Also, I should point out, it has no story (for all its seven-hundred-and-fifty pages). Well, the story is Bloom and Stephen have slightly trying days and meet by chance in a pub late at night and Bloom, seeing the young man is somewhat drunk, offers to put him up for the night. End. Nobody gets married, nobody dies, nothing to see here, go on home. The whole seven-hundred-and-fifty pages take place over about eighteen hours and within that short span it tries to cram everything in. It is written with the most extraordinary language about the most ordinary things. It has the nerve to celebrate the mundane. It’s a paradox--the most artificial book but practically everything in it is real. The characters were based on Joyce’s acquaintance, all the events happened, the dialogue is as Joyce remembered it. And yet the book has many secret patterns and schemes hidden inside it, invisible to the naked eye, counterpointing the diurnal and the eternal, pedestrians and gods. It’s an encyclopedia of the ways language can be used, it’s exhausting and thrilling and if I were an author I’d never ever go anywhere near it--it would depress me too much.

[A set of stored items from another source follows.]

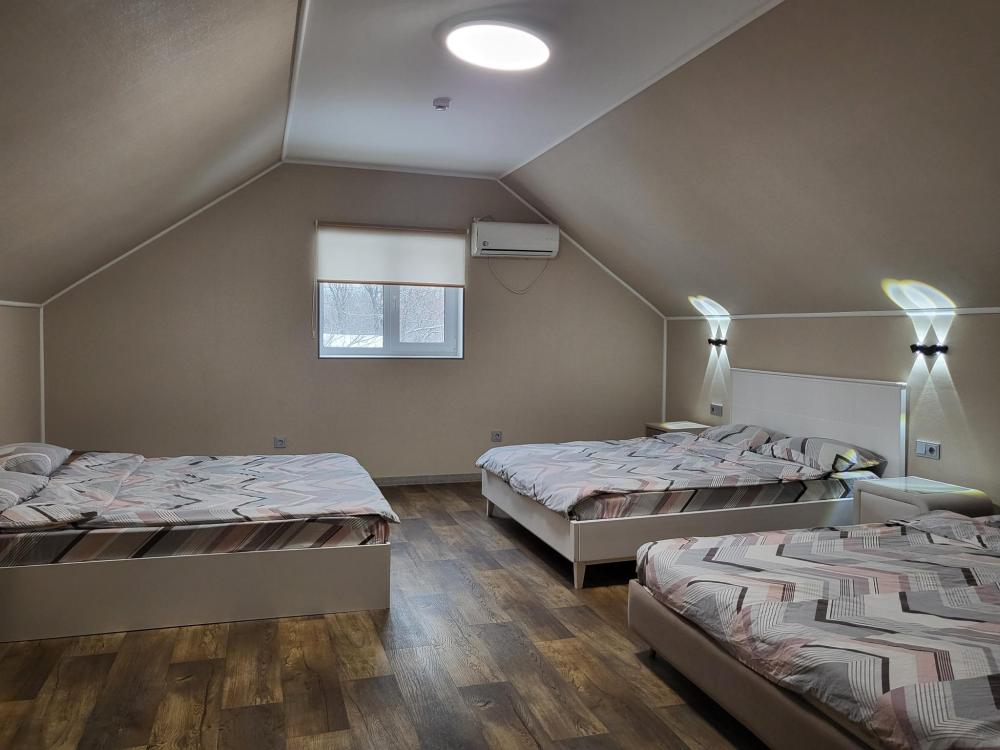 В Парк-отеле мы предлагаем размещение не только в наших коттеджах, но и в номерах гостиничного типа. Уютные номера, вместимость от 4-8 человек. Номера располагаются на 2-ом этаже с видом на лес Санузел и душ на этаже. Бельё и полотенца предоставляются Выдаём отчётные документы
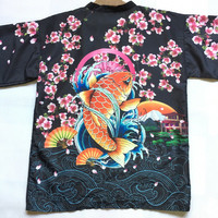 Rare! Japanese Koi Fish Kimono Cardigan Style Lightweight Nylon Tag: Anhelon Size stated free measurements were armpit 22 inches, top of back collar to bottom 30 inches Shoulder width 23 inches Sleeves length 9.5 inches main colour: black condition: good condition , no hole , ripped or stain , (please refer zoom photo) Additional: ●All Measurements were been measured flat on the floor. ●Please don't expect this item condition is 100% like new unless we have mention it. ●Please do not hesitate to contact us if you have any inquiries.Its our great pleasure to have conversation with customers. ●no return & refund if its do not meet your demand, please look carefully on details given. SHIPPING & HANDLING INFORMATION : # we shipped worldwide except ISRAEL. It's safe and you will be given tracking number for all item # we shipped items within 48 hours after receiving a cleared payment on Pay Pal (except for public holidays and weekends) and please do make sure your address is correct. # Please leave us your contact phone number, as the shipping company always need the phone number to help delivering. # we do offer combine shipping to save on postage cost. Do please contact us for combine postage after final purchases for combine shipping. Shipping cost: 1) DHL EXPRESS : $36 (ETA 3-5 DAYS TO ARRIVE) (PLEASE REQUEST IF THE ITEM NEEDED TO BE EXPEDITED - ADDITIONAL COST REQUIRED;, UNLESS, WE USED REGISTERED MAIL SERVICE ) 2) REGISTERED MAIL INTERNATIONAL SERVICE : $20 (ETA 14-21 DAYS TO ARRIVE) Thank you very much for your visit
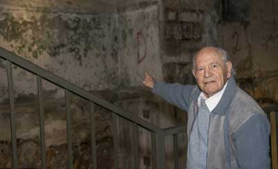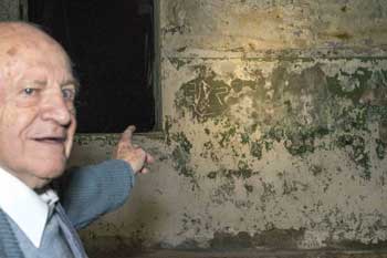 Shmuel Matza, now 89, points to his carvings in the interior wall of Jerusalem’s Kishle prison decades earlier. Credit: Maayan Jaffe-Hoffman.
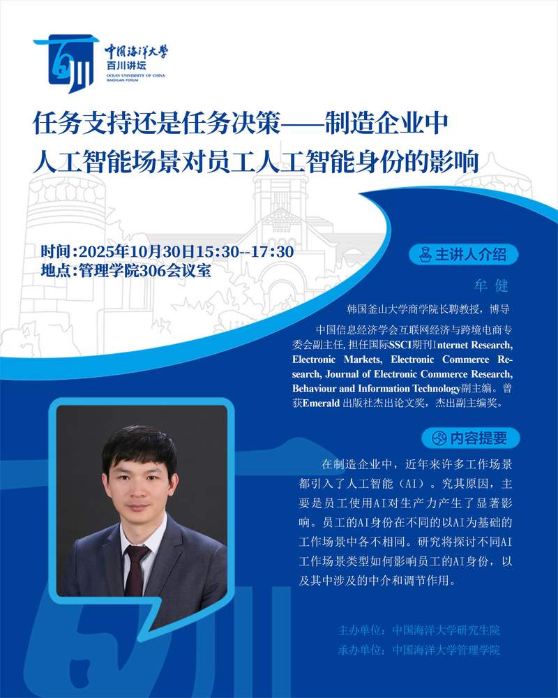 研究生百川讲坛第541讲-牟健:任务支持还是任务决策——制造企业中人工智能场景对员工人工智能身份的影响
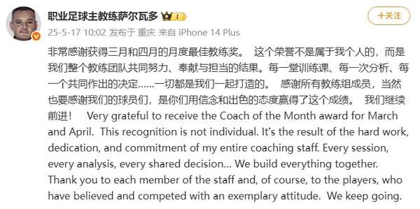 来源:360直播2025-05-17 10:26:31在2025华润饮料中甲联赛最新公布的月度评选中,重庆铜梁龙主帅萨尔瓦多凭借3-4月执教期间带队取得的5胜1平不败战绩,成功摘得最佳教练殊荣。这位西班牙籍教头在个人社交平台发表感言时,特别强调荣誉属于整个团队。
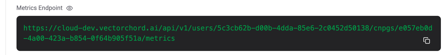 You can find your metrics on your database’s domain name with the metrics endpoint. You must provide a VectorChord Cloud API Key in order to access these metrics. You can generate a API Key from the API Keys section.

A final word about Finnegans wake, the one nobody reads:

There are three great books on literary obsession I’ve come across--Out of Sheer Rage by Geoff Dwyer, about D H Lawrence, U and I by Nicholson Baker, about John Updike, and the third is The Finnegans Wake Experience by Roland McHugh, in which McHugh details his lunatic quest to read FW "properly". This begins with him devoting "almost three years" to reading Finnegans Wake and nothing but Finnegans Wake. "Having initially read through any chapter I would spend a week or two repeating the process and then make a frontal assault with dictionaries...I began to annotate my copy of Finnegans Wake. I transferred information to it in very small writing, using a mapping pen. I could actually get two lines of writing between every two Finnegans Wake lines and I used twelve colours of ink to specify different languages." The message is clear--if you meet a Joyce fan even remotely like Roland, back slowly away.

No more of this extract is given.